Beginning with the first entry, set down each one exactly as shown.

★ ★ ★ ★ ★

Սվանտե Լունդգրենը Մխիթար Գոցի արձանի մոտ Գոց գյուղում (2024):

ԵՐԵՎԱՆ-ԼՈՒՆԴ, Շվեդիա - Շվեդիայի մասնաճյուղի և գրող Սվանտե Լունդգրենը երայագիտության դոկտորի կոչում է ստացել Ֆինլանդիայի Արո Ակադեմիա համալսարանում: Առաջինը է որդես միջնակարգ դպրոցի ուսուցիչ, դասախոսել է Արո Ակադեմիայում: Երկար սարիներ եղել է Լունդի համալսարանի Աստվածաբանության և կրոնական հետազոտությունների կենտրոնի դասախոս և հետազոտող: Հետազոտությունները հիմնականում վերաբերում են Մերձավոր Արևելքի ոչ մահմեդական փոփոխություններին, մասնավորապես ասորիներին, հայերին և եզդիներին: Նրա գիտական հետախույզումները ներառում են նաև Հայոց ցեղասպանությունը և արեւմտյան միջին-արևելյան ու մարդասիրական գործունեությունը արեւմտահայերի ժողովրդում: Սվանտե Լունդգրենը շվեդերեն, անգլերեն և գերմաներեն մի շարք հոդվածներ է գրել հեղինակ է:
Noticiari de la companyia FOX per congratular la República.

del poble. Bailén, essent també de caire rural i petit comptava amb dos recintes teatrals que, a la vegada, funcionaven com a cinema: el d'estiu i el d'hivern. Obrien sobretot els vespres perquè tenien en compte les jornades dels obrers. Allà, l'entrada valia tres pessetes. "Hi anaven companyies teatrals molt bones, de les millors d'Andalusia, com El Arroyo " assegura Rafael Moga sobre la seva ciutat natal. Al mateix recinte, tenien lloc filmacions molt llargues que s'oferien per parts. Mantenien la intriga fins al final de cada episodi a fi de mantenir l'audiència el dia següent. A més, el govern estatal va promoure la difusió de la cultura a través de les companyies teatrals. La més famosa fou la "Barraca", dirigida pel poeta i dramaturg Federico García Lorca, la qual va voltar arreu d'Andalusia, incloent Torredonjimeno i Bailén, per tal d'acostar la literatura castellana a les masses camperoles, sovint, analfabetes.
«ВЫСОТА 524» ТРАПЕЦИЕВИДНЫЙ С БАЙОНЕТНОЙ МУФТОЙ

★ ★ ★ ★ ★

▸ **Task answer**
Սվանտե Լունդգրենը Մխիթար Գոցի արձանի մոտ Գոց գյուղում (2024):

ԵՐԵՎԱՆ-ԼՈՒՆԴ, Շվեդիա - Շվեդիայի մասնաճյուղի և գրող Սվանտե Լունդգրենը երայագիտության դոկտորի կոչում է ստացել Ֆինլանդիայի Արո Ակադեմիա համալսարանում: Առաջինը է որդես միջնակարգ դպրոցի ուսուցիչ, դասախոսել է Արո Ակադեմիայում: Երկար սարիներ եղել է Լունդի համալսարանի Աստվածաբանության և կրոնական հետազոտությունների կենտրոնի դասախոս և հետազոտող: Հետազոտությունները հիմնականում վերաբերում են Մերձավոր Արևելքի ոչ մահմեդական փոփոխություններին, մասնավորապես ասորիներին, հայերին և եզդիներին: Նրա գիտական հետախույզումները ներառում են նաև Հայոց ցեղասպանությունը և արեւմտյան միջին-արևելյան ու մարդասիրական գործունեությունը արեւմտահայերի ժողովրդում: Սվանտե Լունդգրենը շվեդերեն, անգլերեն և գերմաներեն մի շարք հոդվածներ է գրել հեղինակ է:
Noticiari de la companyia FOX per congratular la República.

del poble. Bailén, essent també de caire rural i petit comptava amb dos recintes teatrals que, a la vegada, funcionaven com a cinema: el d'estiu i el d'hivern. Obrien sobretot els vespres perquè tenien en compte les jornades dels obrers. Allà, l'entrada valia tres pessetes. "Hi anaven companyies teatrals molt bones, de les millors d'Andalusia, com El Arroyo " assegura Rafael Moga sobre la seva ciutat natal. Al mateix recinte, tenien lloc filmacions molt llargues que s'oferien per parts. Mantenien la intriga fins al final de cada episodi a fi de mantenir l'audiència el dia següent. A més, el govern estatal va promoure la difusió de la cultura a través de les companyies teatrals. La més famosa fou la "Barraca", dirigida pel poeta i dramaturg Federico García Lorca, la qual va voltar arreu d'Andalusia, incloent Torredonjimeno i Bailén, per tal d'acostar la literatura castellana a les masses camperoles, sovint, analfabetes.
«ВЫСОТА 524» ТРАПЕЦИЕВИДНЫЙ С БАЙОНЕТНОЙ МУФТОЙ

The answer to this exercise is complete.